DATA PROVIDED
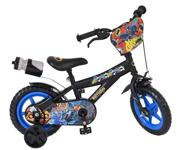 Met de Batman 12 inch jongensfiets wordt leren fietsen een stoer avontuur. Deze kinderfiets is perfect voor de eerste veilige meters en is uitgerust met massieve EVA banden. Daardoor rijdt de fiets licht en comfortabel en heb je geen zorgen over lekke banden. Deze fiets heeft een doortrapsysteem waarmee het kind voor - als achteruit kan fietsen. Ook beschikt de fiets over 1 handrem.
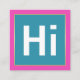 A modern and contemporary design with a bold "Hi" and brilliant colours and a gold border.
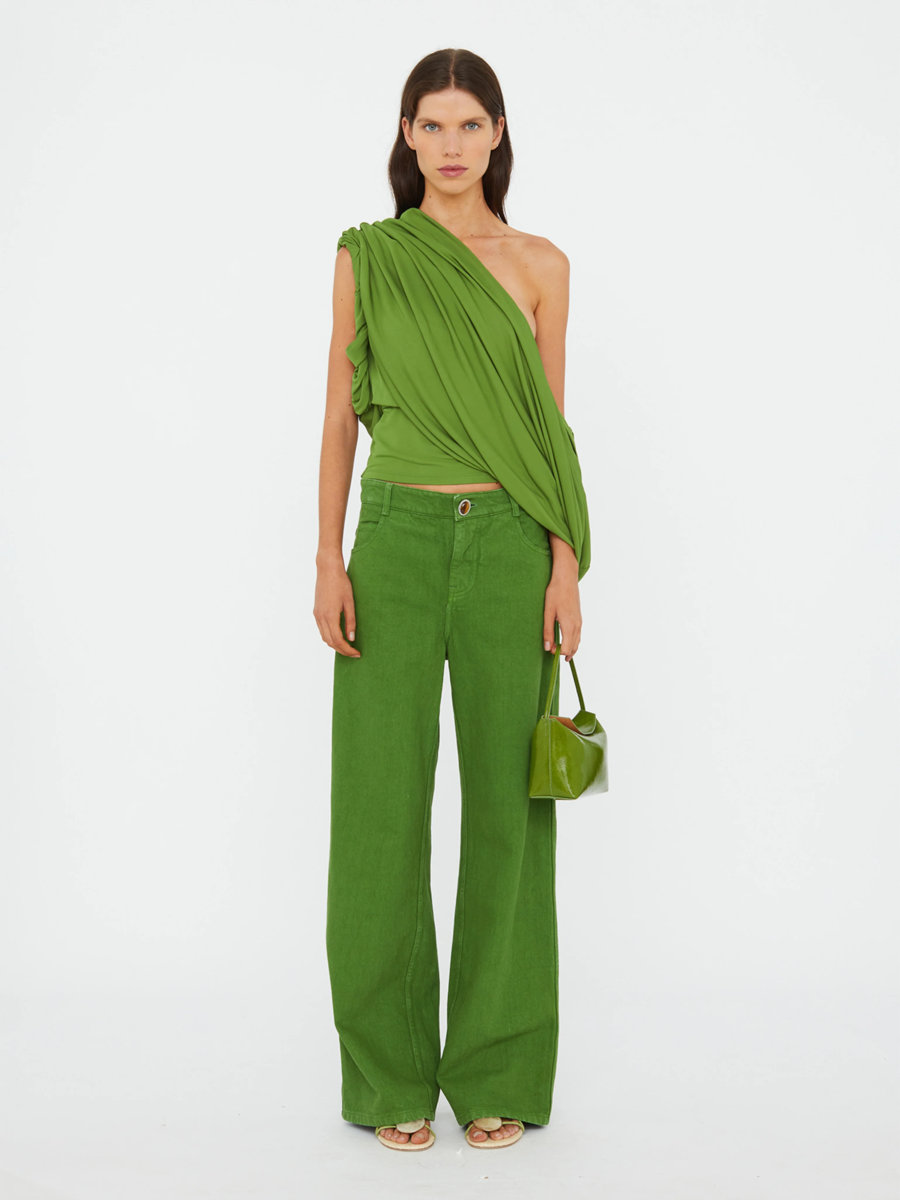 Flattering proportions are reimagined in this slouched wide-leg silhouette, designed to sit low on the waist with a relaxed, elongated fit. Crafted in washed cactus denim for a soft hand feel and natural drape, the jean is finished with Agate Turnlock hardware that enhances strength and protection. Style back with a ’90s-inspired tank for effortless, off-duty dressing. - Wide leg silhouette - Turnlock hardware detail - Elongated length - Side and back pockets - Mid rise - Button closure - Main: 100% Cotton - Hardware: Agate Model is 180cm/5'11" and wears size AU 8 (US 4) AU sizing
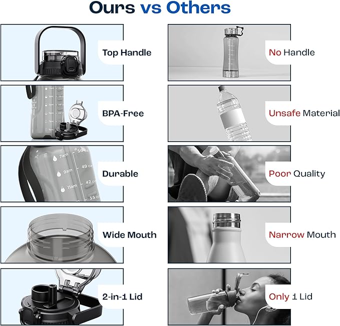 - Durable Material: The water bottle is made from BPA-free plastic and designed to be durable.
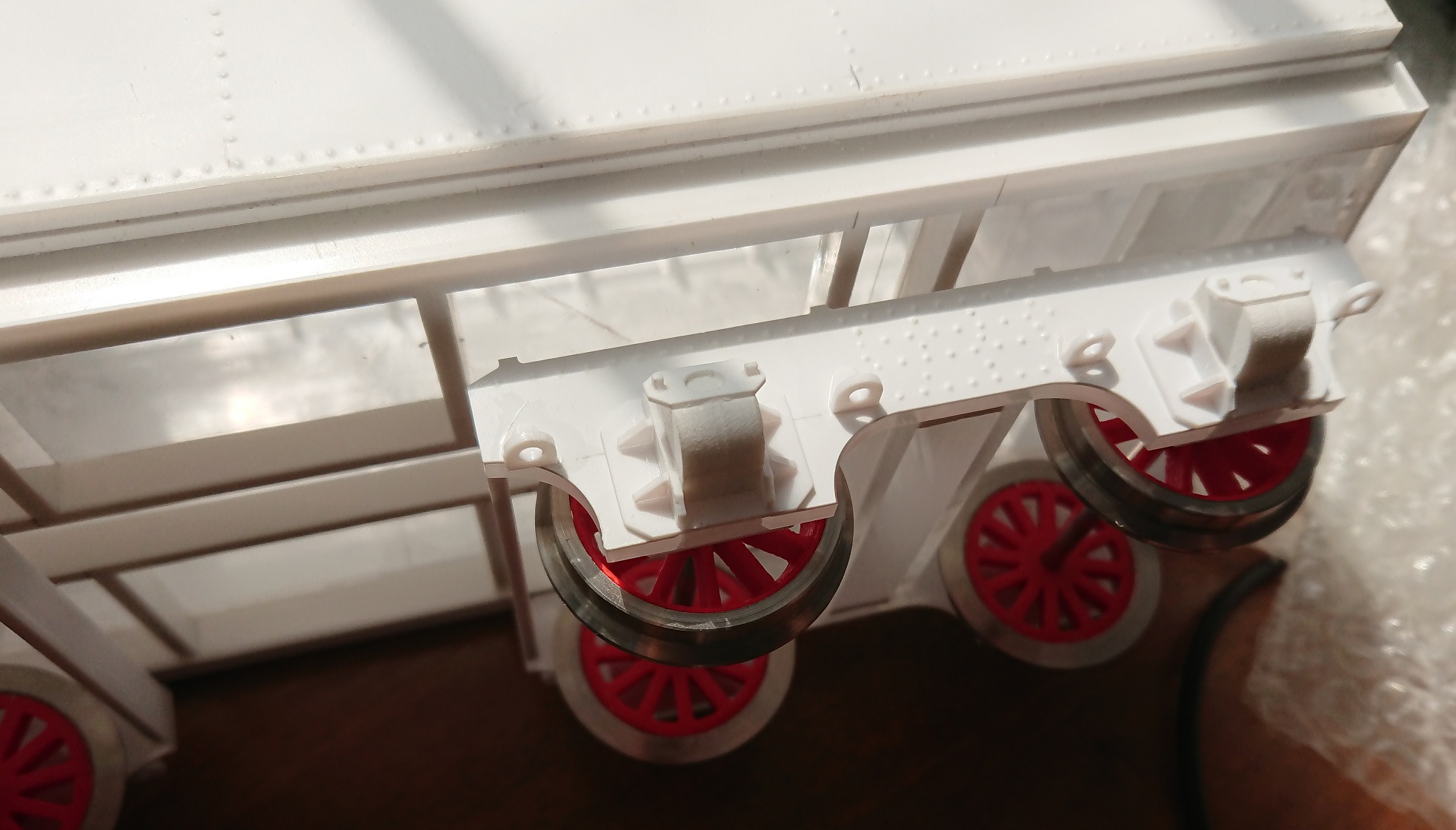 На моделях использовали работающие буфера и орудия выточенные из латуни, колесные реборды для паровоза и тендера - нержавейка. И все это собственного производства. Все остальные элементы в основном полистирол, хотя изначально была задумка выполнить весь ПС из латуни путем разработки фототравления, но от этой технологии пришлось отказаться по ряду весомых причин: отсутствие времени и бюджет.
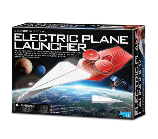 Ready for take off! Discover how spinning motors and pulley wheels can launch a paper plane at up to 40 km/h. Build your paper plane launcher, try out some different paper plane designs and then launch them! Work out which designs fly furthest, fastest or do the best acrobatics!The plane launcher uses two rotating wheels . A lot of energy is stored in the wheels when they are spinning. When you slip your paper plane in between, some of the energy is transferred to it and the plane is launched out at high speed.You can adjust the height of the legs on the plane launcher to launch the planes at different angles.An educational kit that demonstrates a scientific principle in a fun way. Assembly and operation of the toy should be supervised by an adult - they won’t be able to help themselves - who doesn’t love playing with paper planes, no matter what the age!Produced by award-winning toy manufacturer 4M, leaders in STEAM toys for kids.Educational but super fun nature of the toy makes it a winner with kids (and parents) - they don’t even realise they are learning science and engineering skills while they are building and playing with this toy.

WHAT YOU SHOULD DO
With the images removed, give back every entry exactly as shown.

RESULT BELOW
 Met de Batman 12 inch jongensfiets wordt leren fietsen een stoer avontuur. Deze kinderfiets is perfect voor de eerste veilige meters en is uitgerust met massieve EVA banden. Daardoor rijdt de fiets licht en comfortabel en heb je geen zorgen over lekke banden. Deze fiets heeft een doortrapsysteem waarmee het kind voor - als achteruit kan fietsen. Ook beschikt de fiets over 1 handrem.
 A modern and contemporary design with a bold "Hi" and brilliant colours and a gold border.
 Flattering proportions are reimagined in this slouched wide-leg silhouette, designed to sit low on the waist with a relaxed, elongated fit. Crafted in washed cactus denim for a soft hand feel and natural drape, the jean is finished with Agate Turnlock hardware that enhances strength and protection. Style back with a ’90s-inspired tank for effortless, off-duty dressing. - Wide leg silhouette - Turnlock hardware detail - Elongated length - Side and back pockets - Mid rise - Button closure - Main: 100% Cotton - Hardware: Agate Model is 180cm/5'11" and wears size AU 8 (US 4) AU sizing
 - Durable Material: The water bottle is made from BPA-free plastic and designed to be durable.
 На моделях использовали работающие буфера и орудия выточенные из латуни, колесные реборды для паровоза и тендера - нержавейка. И все это собственного производства. Все остальные элементы в основном полистирол, хотя изначально была задумка выполнить весь ПС из латуни путем разработки фототравления, но от этой технологии пришлось отказаться по ряду весомых причин: отсутствие времени и бюджет.
 Ready for take off! Discover how spinning motors and pulley wheels can launch a paper plane at up to 40 km/h. Build your paper plane launcher, try out some different paper plane designs and then launch them! Work out which designs fly furthest, fastest or do the best acrobatics!The plane launcher uses two rotating wheels . A lot of energy is stored in the wheels when they are spinning. When you slip your paper plane in between, some of the energy is transferred to it and the plane is launched out at high speed.You can adjust the height of the legs on the plane launcher to launch the planes at different angles.An educational kit that demonstrates a scientific principle in a fun way. Assembly and operation of the toy should be supervised by an adult - they won’t be able to help themselves - who doesn’t love playing with paper planes, no matter what the age!Produced by award-winning toy manufacturer 4M, leaders in STEAM toys for kids.Educational but super fun nature of the toy makes it a winner with kids (and parents) - they don’t even realise they are learning science and engineering skills while they are building and playing with this toy.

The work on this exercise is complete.